_Extracted records_
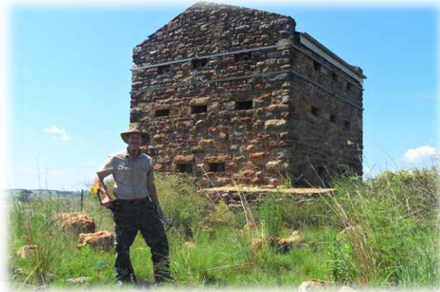
Boer War Blockhouse

I then started learning the history of South Africa, and found myself loving all the stories that were told about the 2 nd Boer war (11 th Oct, 1899 – 31 st May, 1902) I then decided that these were the sites that I wanted to detect, and to try and bring life through the relics that were found.
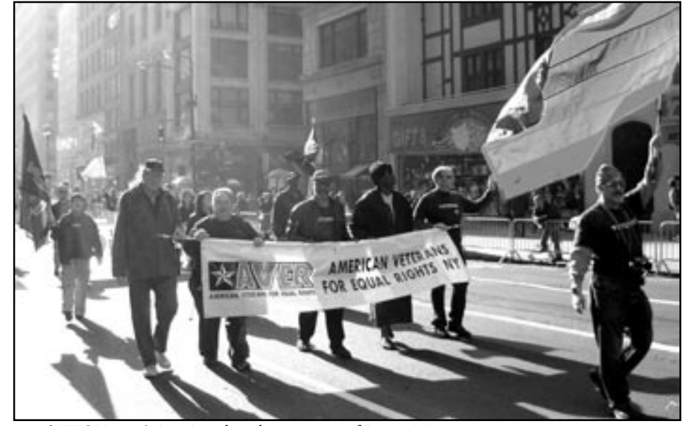
2006 NYC Veteran's Day Parade
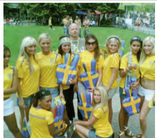
The Swedes always give good TV

My biggest concern is that I'm going to lose my Swedish channels. For decades their state channels have been free-to-air (to most of the country) and consistently supplied better and more current programmes than their Danish counterparts. Without them the future of affordable TV in this country (like in the UK if you want to watch any kind of
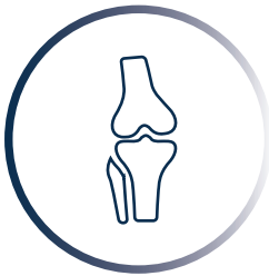
Bone & Joint Pain
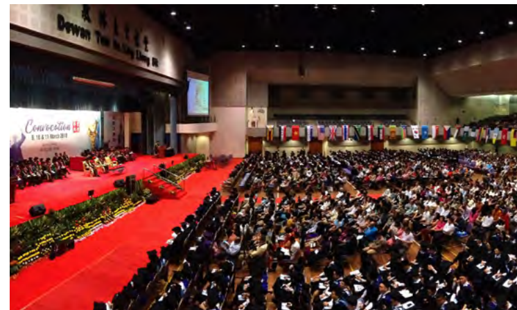
Graduands and their parents at the UTAR 26th Convocation
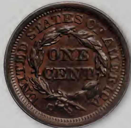
248. 1856 N-7 R2 PCGS MS64 UPRIGHT 5. Deep glossy chocolate brown splashed with original mint red. A great looking cent.
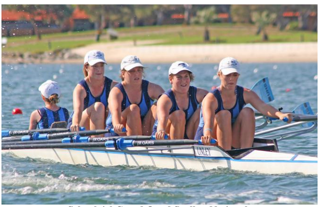
Schoolgirl Coxed Quad Scull at Nationals
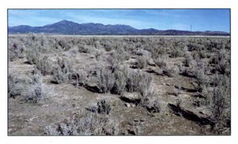
Photo Point 6 on Figure 2 looking upgradient where the Duggins Creek USGS map shows a blue line, indicating that a drainage exists here. No OHWM or other indication of channelized or ponded water was noted here.
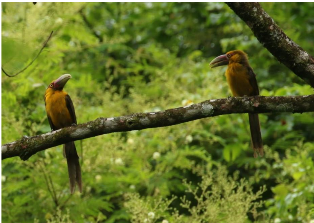
Saffron Toucanets (Andy Foster)

We arrived at our first destination of Tres Picos, it had clearly been quite windy during the night but it was thankfully calmer now, although large rain clouds were starting to form already. We set straight to work and used some mixed tanager flock playback with an instant response from Violaceous Euphonia, Chestnut-bellied Euphonia and a male Orange-bellied Euphonia. I was then going to use some playback for Saffron Toucanet when suddenly Paulo spotted one in a nearby tree, a little bit of playback had them flying over and perching very close by, we had 8 in total, what a great bird!
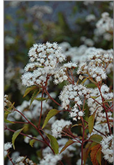
Chocolate Boneset flowers
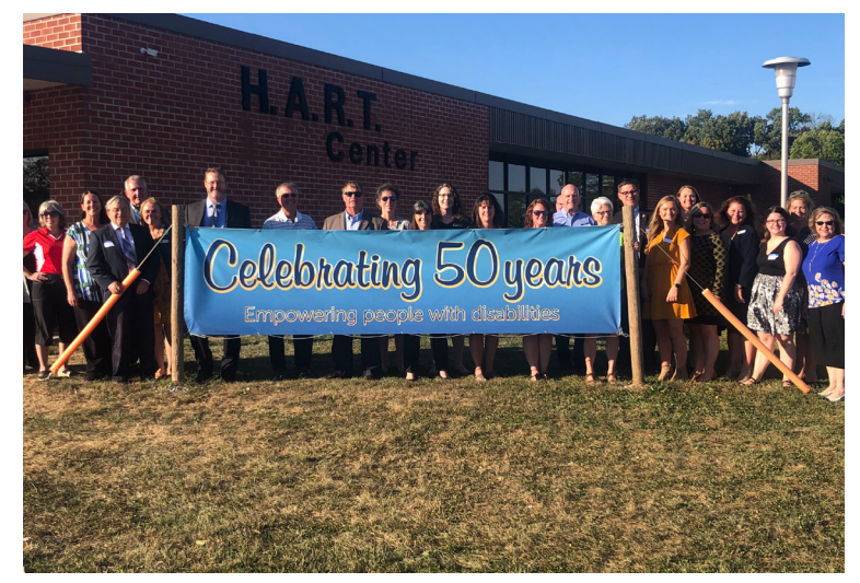
Representatives from the New Oxford Area Chamber of Commerce, Hanover Area Chamber of Commerce, The Chamber of Gettysburg & Adams County, the HART Center staff and dignitaries from the state and Adams County pose by the 50th anniversary banner.

Members of the New Oxford Area Chamber of Commerce, Hanover Area Chamber of Commerce and The Chamber of Gettysburg & Adams County joined the HART Center to celebrate its 50th anniversary on Wednesday, September 25.
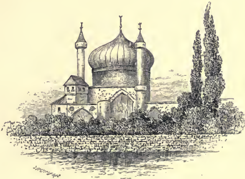
THE SHRINE OF FATIMA.

The shrine of Fatima, the sister of Reza the eighth
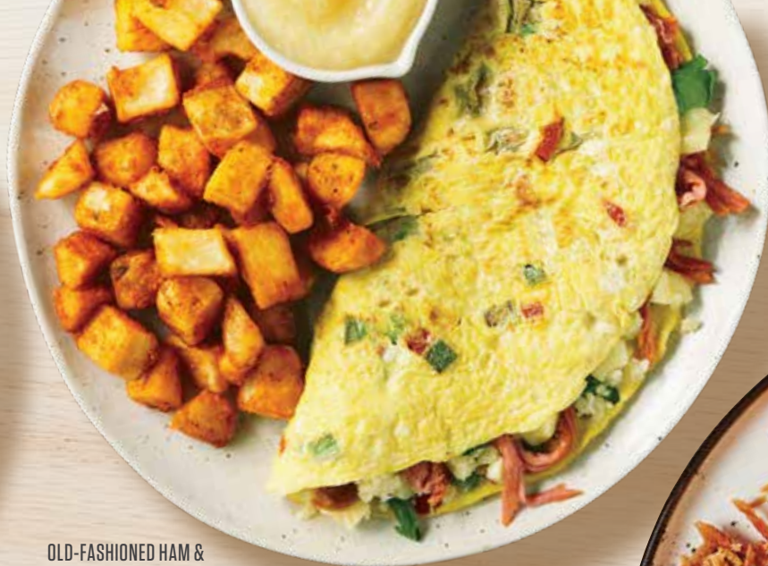
OLD-FASHIONED HAM & CHEESE CURDS OMELET
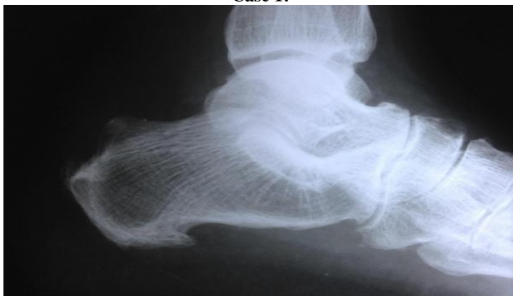
Figure 1.1: lateral radiograph of foot showing a calcaneal spur
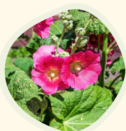
Mallow Rosa ( Malva rosea )
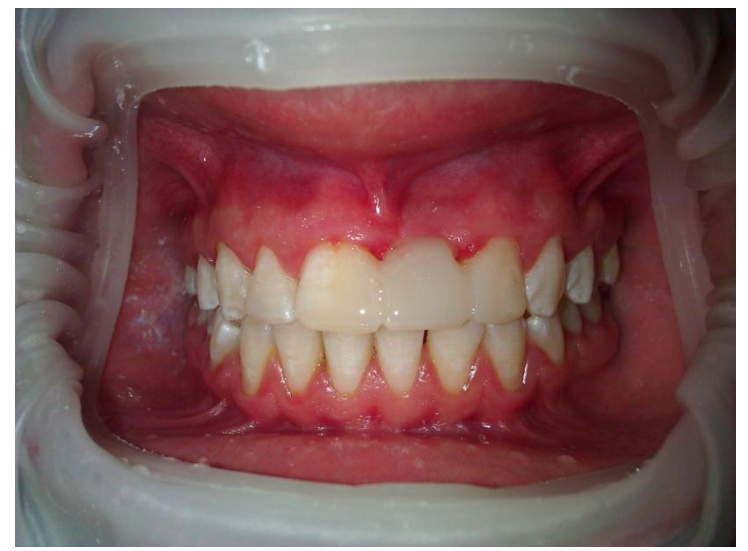
Figure 8. Final result
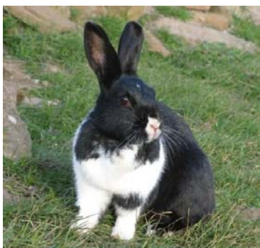
Teddy Rabbit at Big Ears Animal Sanctuary

The easiest way to help the animals is to stop eating them. A vegetarian or vegan diet not only saves lives, it is healthier for you and is friendly to the planet.
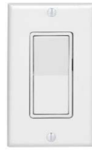
Standard, Non-Dimmable light switch (By Others)
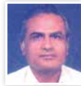
Bangalore Refinery Pvt Ltd Contribution: Rs. 25,000
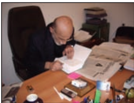
Vice Sheikh ul-Islam looking at the Russian Holy Quran
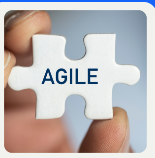
Integration Platform Manage velocity with ease
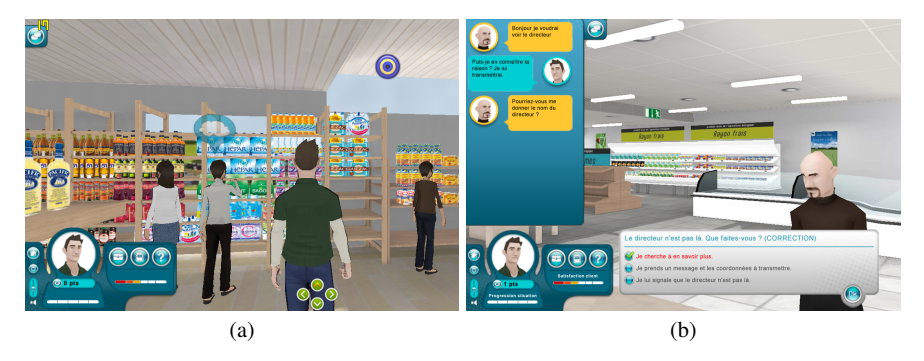
Fig. 2 (a) In FORMAT-STORE, the player controls an avatar in the virtual store using the keyboard arrows and interacts with the items and the customers using the mouse. (b) Dialogues in the game describe problematised situations and are rendered by means of a specific interface.
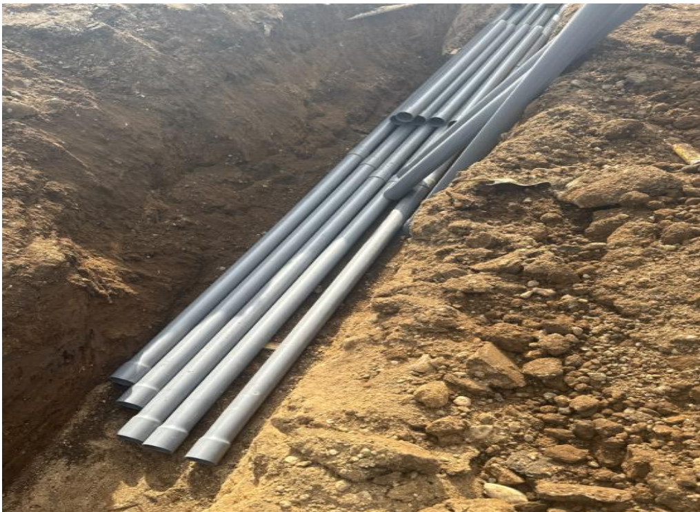
Hempstead ABGS MS – Underground Electrical feeds
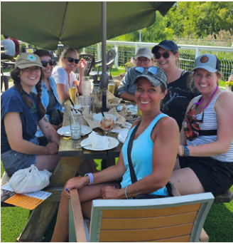
Event Attendees at Ghost Isle

After the tour, participants visited Ghost Isle to continue the camaraderie and discuss COL's work. The program engaged a total of 67 participants, many of whom were new to COL and have since become more involved and connected. There are no hiking trails on the Louis J. Sima Great
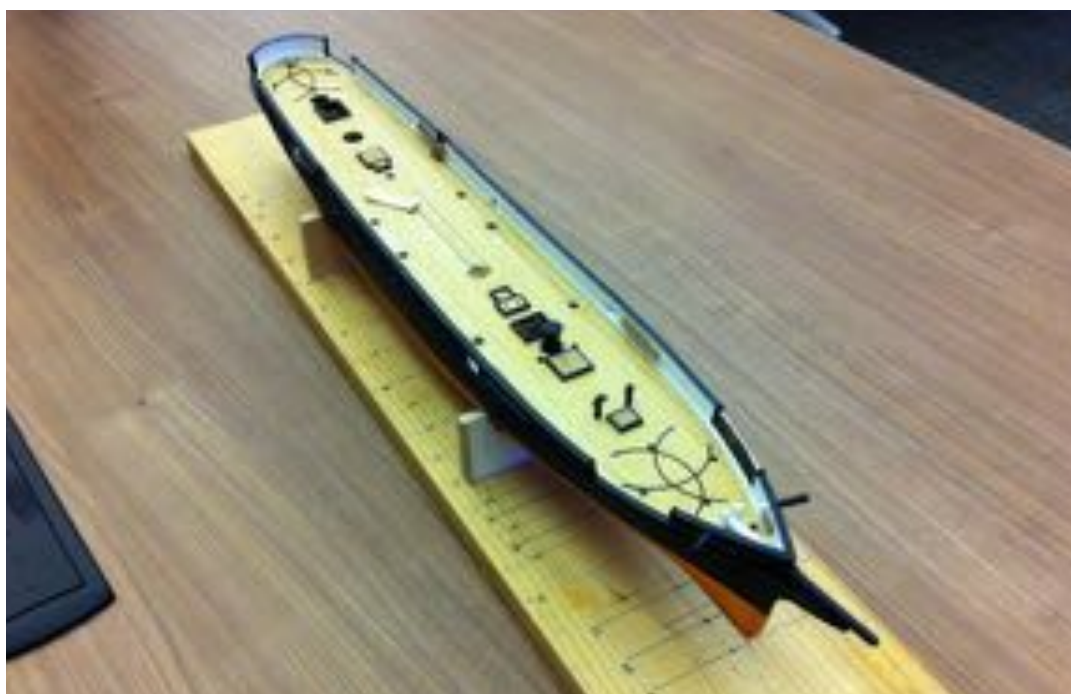
USS Saginaw plank on lift built hull
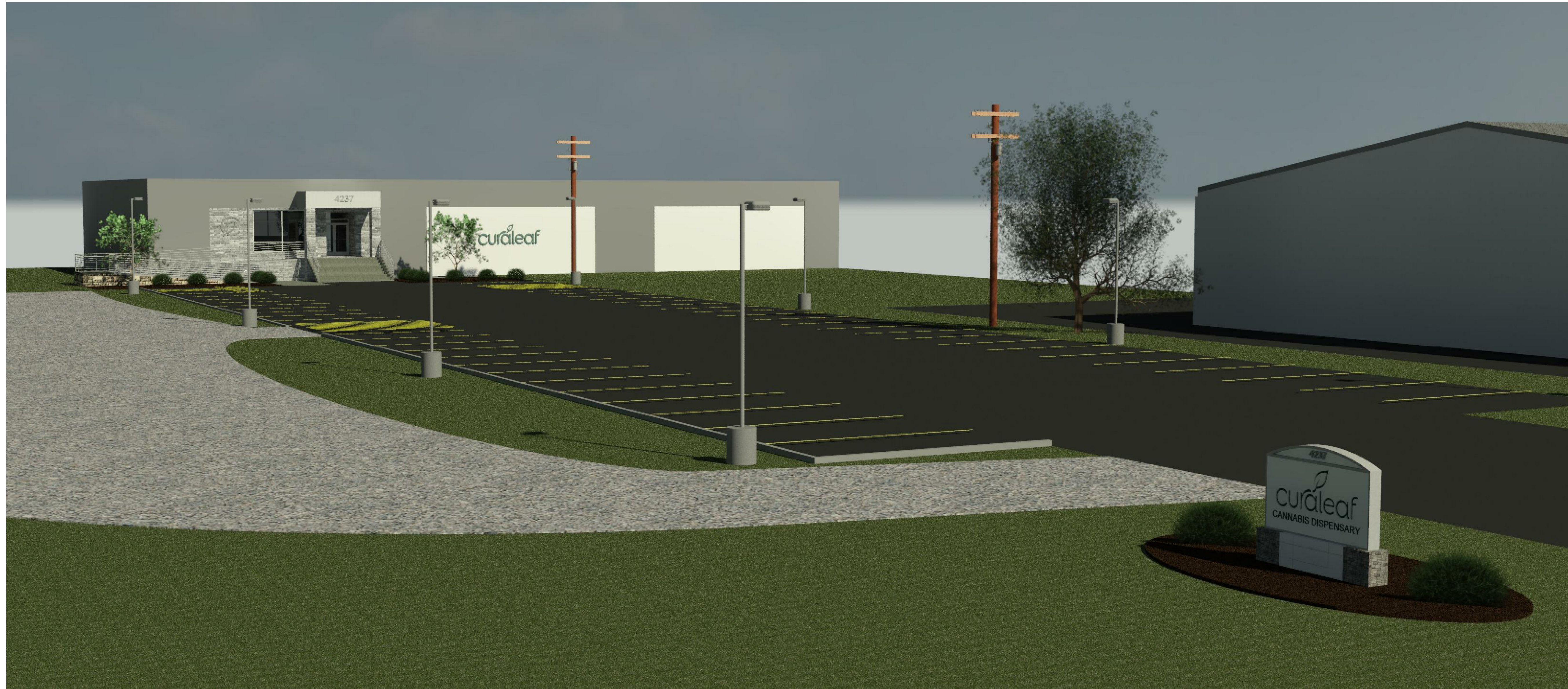
① Street View 2 12" = 1'-0"
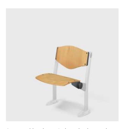
Seat and backrest in beech plywood
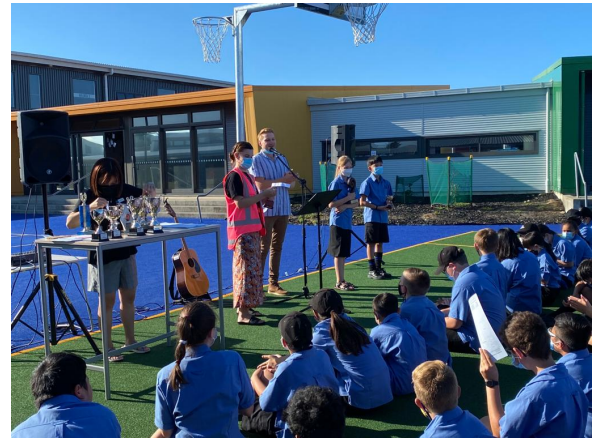
The presentation of last year trophies to our current year 7 and 8's. These were delayed due to COVID restrictions.
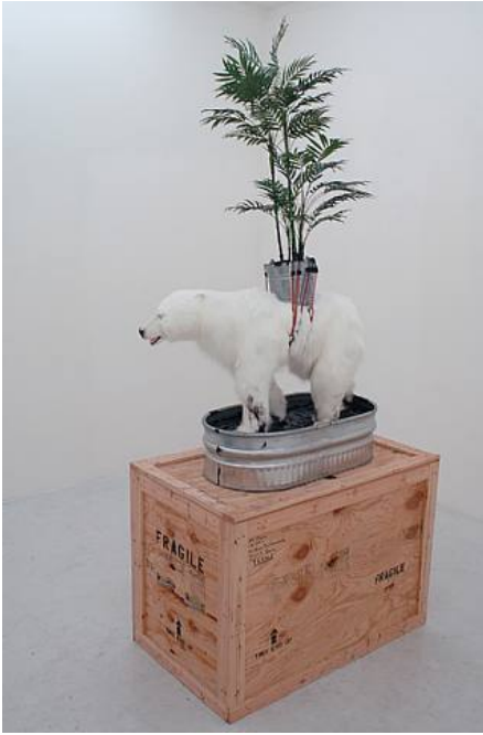
Mark Dion, Iceberg and Palm Trees , 2007

Joseph Beuys straddles the active and mystical stances of considering nature and the landscape. He is overtly active in his work ‘7000 Oaks’ in which he organized the planting of seven thousand trees in Kassel, Germany. In the work “Coyote; I like America and America likes Me”, he lived in the gallery for three days with a coyote (an endangered species at the time and an animal considered sacred to American Indians). It seems he was speaking simultaneously of the beauty and godliness of the animal, and of the American landscape and American Indians devoured by the formation and ‘progress’ of the United States of America. The drawings and sculptural work of Kiki Smith looks at the molecular make up of, and the whole cosmos, blood and stars, to contemplate the phenomenal intricacy that makes up the everyday. Her work speaks of astonishment.
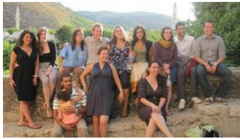
2011-12 VP Fellows in Mostar, the final city on their voyage through Serbia, Kosovo, and Bosnia-Herzegovina.

Vision Program fellows will travel from all over the US, Israel, and Palestine to attend the Fall Conference in the San Francisco Bay Area. Held from November 17-20, this will be the first time all twelve Fellows see one another since their intensive trip to the Balkans in June and July.
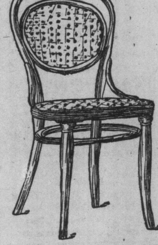
No. 517 —Austrian Bent Wood Chair, —oval seat, oak finish, $4.00; —mahogany, $8.75.
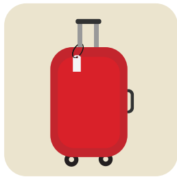
Living in Split Household /Go Home on Weekends

Some of the most at-risk for not being counted include students in the following situations:
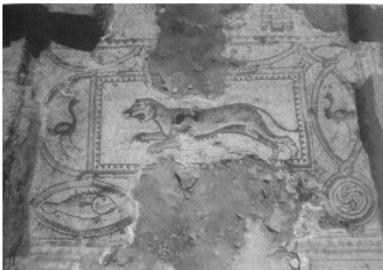
Phot. 2. Basilica, fragment of a mosaic with a depiction of a lioness.

Important evidence of remodeling in the sanctuary, that is, the dismantling of the chancel screen and the blocking of spaces between the columns, presumably corresponds to changes in the liturgy.
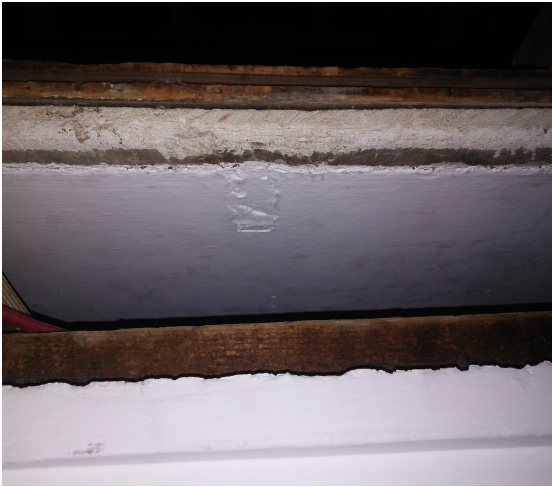
Item 14 - Ref: 275133-2

The panel to the left hatch does not contain asbestos.
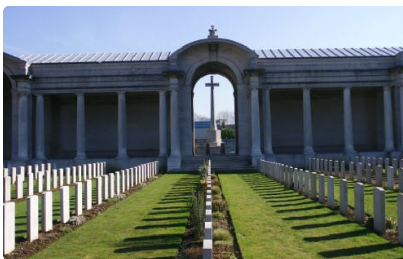
Buried/remembered at Arras Memorial (Bay 6), Pas de Calais, France
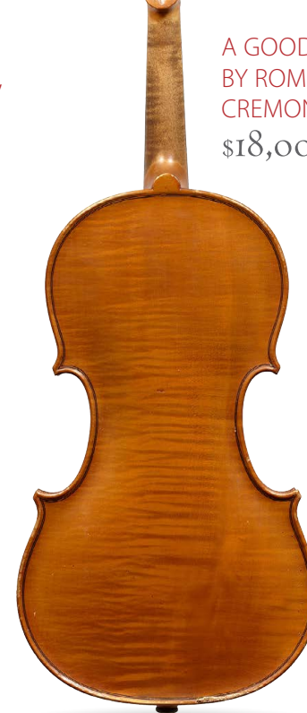
A GOOD ITALIAN VIOLIN BY ROMEO ANTONIAZZI, CREMONA, 1914 $18,000-25,000

_Task brief_
Give back, exactly and without pictures, the stretch of the records above from the line containing "Saffron Toucanets (Andy Foster)" through the line containing "THE SHRINE OF FATIMA.", with both end lines included.

_Task solution_
Saffron Toucanets (Andy Foster)

We arrived at our first destination of Tres Picos, it had clearly been quite windy during the night but it was thankfully calmer now, although large rain clouds were starting to form already. We set straight to work and used some mixed tanager flock playback with an instant response from Violaceous Euphonia, Chestnut-bellied Euphonia and a male Orange-bellied Euphonia. I was then going to use some playback for Saffron Toucanet when suddenly Paulo spotted one in a nearby tree, a little bit of playback had them flying over and perching very close by, we had 8 in total, what a great bird!
Chocolate Boneset flowers
Representatives from the New Oxford Area Chamber of Commerce, Hanover Area Chamber of Commerce, The Chamber of Gettysburg & Adams County, the HART Center staff and dignitaries from the state and Adams County pose by the 50th anniversary banner.

Members of the New Oxford Area Chamber of Commerce, Hanover Area Chamber of Commerce and The Chamber of Gettysburg & Adams County joined the HART Center to celebrate its 50th anniversary on Wednesday, September 25.
THE SHRINE OF FATIMA.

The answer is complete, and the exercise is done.